If we switch to requiring normalization then I think that will break everyone releasing to PyPI today, since Warehouse doesn’t allow normalization, every build system that wants to release to PyPI has to have not implemented the current state of the wheel spec.
So, switching to requiring normalization would have to be phased in, where we allow both, get all the build systems to switch to emit normalized, then after some period of time, switch to enforcing it in Warehouse.
It’s not really up to me since you’re the PEP Delegate here, but FWIW I think it’s better to update the spec to match reality, then treat restricting it further as requiring a PEP rather than treating a clause in the spec that is more restrictive than reality as canonical and requiring a PEP to update things to match reality.
The reality of the situation is pretty much what the original PEP 427’s code implemented, that normalization is not required (but it’s not prevented either) but you are required to escape the - character.
Installers have to handle non normalized names already, because they exist everywhere on PyPI.
At least some of the major build tools don’t implement normalization.
The central repository doesn’t support it.
If the decision is that the spec stands as is without a PEP, then we need someone to act as the champion to go around and get all of these tools to update, otherwise it’s likely to sit there and bit rot with the spec and reality not matching.
When I say everyone, it’s not just the . in the name either, projects like Django are releasing wheels named Django-4.0.6-py3-none-any.whl, which as the spec stands should be django-4.0.6-py3-none-any.whl.

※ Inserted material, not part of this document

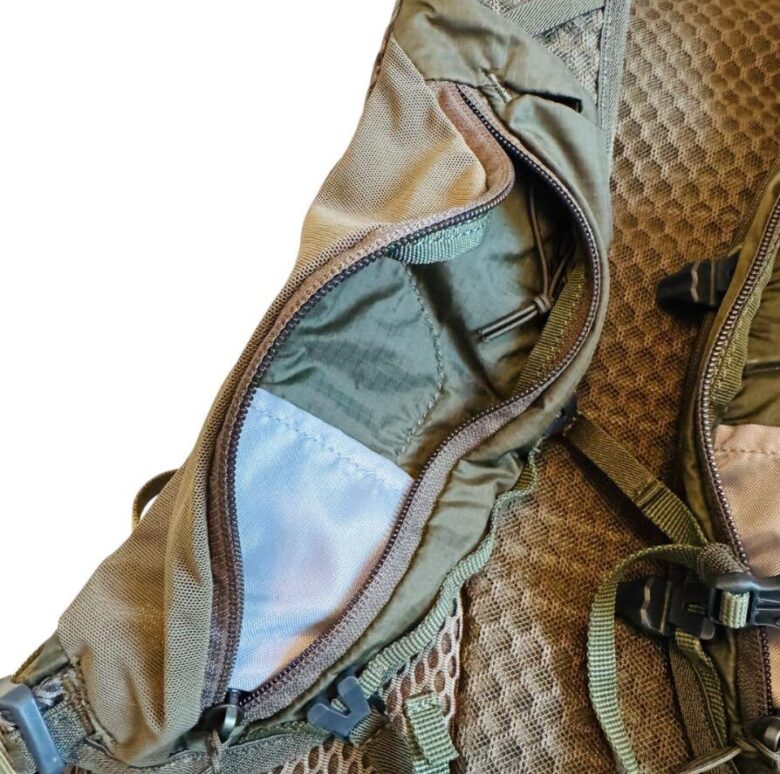 右側のショルダーストラップには大型のジッパーポケットが付いており、ここにスマホ(iPhone Pro Maxクラスもギリギリ入ります)、行動食のジェル、鍵などを収納できます。登山中に「あ、綺麗な景色!」と思った瞬間、ザックを下ろさずにスマホを取り出して撮影し、すぐにしまって歩き出せる。このスムーズさは一度体験すると戻れません。

I might be mistaken, but as I understand it most of the other backends, e.g. @ofek 's Hatch and @takluyver 's Flit, had already implemented what was eventually specified in the current wheel spec, and Setuptools was the main outlier? Perhaps they, @frostming and @sdispater could confirm their current situation?
As I seem to remember and as the spec implies, that was in the same boat as the . issue, where Setuptools (Django’s backend) was not normalizing that either, while most of the other backends were. But like that issue, that was somewhat before my time and (as you helpfully mentioned above) there is more to the backstory than I recalled.
Hatch only can work to release to PyPI because it doesn’t actually let you have a . in your name either, it hard normalizes all names and removes the concept of display names completely.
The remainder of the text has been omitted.